The themes of loyalty, betrayal, and revenge; the narrative development of a woman triggering the protagonist's “downfall”; and the jungle of marginalised characters encountered to get to the boss are all there.  But Kim revels in playing with these conventions to bend the jopok under his spell.  One of the film’s distinct characteristics is the segment that bridges Sun-woo’s escape from his boss’ henchmen and his last killing spree.  In this unexpected, comical sequence, which could be a short film unto itself, Sun-woo meets a Laurel and Hardy-like pair of gunrunners and has a great seated showdown with their boss.  It is a bold move because this sequence basically brings to a standstill the dramatic action of revenge, but it showcases Kim’s distinct perspective of things and references the great peculiarity of his previous films like The Quiet Family (1998) and The Foul King (2000).  In this way, Kim demonstrates an incredible confidence in his interpretation of noir as a narrative template as well as visual pleasure.  From a bloody standoff on an ice rink, a muddy buried-alive punishment that turns into a veritable resurrection, the visual motif of lamps and turning on/off lights as a more literal illustration of noir lighting and mise en scène, to the final meeting with his boss at the Melville-esque lounge with the words la dolce vita between them in the background in all its irony, A Bittersweet Life is full of cool, masculine attitude and mood.

The Man From Nowhere

The Man From Nowhere is much more diversified in terms of the scope of criminal activities with which one must contend.  It brings together the Chinese mafia, a Thai assassin, child trafficking, drug trafficking, and organ harvesting to create the formidable criminal web in which pawnshop owner Tae-shik unwittingly finds himself through his acquaintance with a little girl, So-mi, who lives in the same apartment complex as him.  Unlike Sun-woo in A Bittersweet Life, Tae-shik has a backstory – and a tragic family one at that – which informs his conscious reaction to the things that happen to him and the things he witnesses with regards to So-mi.  Even if his actions yield unexpected results, his objective to rescue So-mi never falters.  That he ends up having to confront a big-time criminal organisation and put a stop to their illegal activities in the process is ultimately secondary but convenient and dramatic in a narrative sense.

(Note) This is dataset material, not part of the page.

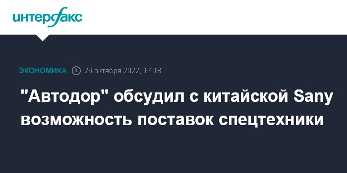 "Учитывая большой спектр техники, которую производит китайская компания, и разветвленную сеть дилерских центров, с которыми она сотрудничает в России, стороны обсудили варианты взаимодействия. В частности, шла речь о перспективах поставок техники российским компаниям через ООО "Автодор-лизинг"", - говорится в сообщении.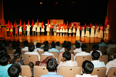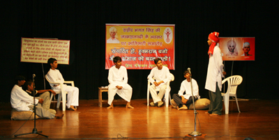 Against the backdrop “Organise, become the rulers and transform society” – the slogan of HNES, and pictures of Shaheed Bhagat Singh, Rajguru and Sukhdev, the programme made a colourful start with the entire cultural group assembling on the stage, carrying red flags and singing in unison “raste pe tumhare chalke hum, azaad ab desh karaengey…ek bar nahin kai sekaron baar, is daar pe hum chadh jayengey..” (Marching on your path, we will liberate our motherland... we will march on this path not once, but a hundred times)

How Tae-shik gets embroiled in the criminal organisation run by brothers Man-seok and Jong-seok is complicated.  While some regard this complexity as a flaw, it actually reveals the film’s smartness in terms of keeping up with these complex, globalised criminal times.  The parallel strands of Tae-shik finding more about Man-seok and Jong-seok’s extensive criminal operations and the police finding more about Tae-shik’s international special agent background reflect the reality of a more connected, complicated, diverse world.  Lee’s desire to reflect this multilayered reality may also help to explain his decision to have Tae-shik’s most electrifying fights be against Ramrowan, the Thai assassin who works for Man-seok and Jong-seok, instead of the brothers themselves.  Aside from the splendid choreography, the most striking detail about their confrontations is the surprising absence of extra-diegetic music.  The sequence that consists of the silence of their first fight in a bathroom and the pulsating sounds of the dance floor as they stand and face each other as if to initiate a duel, despite the crowd of people dancing obliviously around them, is an effective example of visual and aural contrast and also foreshadows Tae-shik and Ramrowan’s even more vigorous knife fight towards the end.  At the same time, Tae-shik and Ramrowan’s confrontations rise above the story to occupy a whole other dimension unto itself, which accounts for the film’s stylisation.  In this sense, unlike his colleagues, Ramrowan serves less to drive the plot than to affirm and spectacularise Tae-shik’s character.  Ultimately, nothing topples Tae-shik’s coolness and moral sense of self, which affirm each other throughout the film: so guarded of his past, but it tempers his actions in the present.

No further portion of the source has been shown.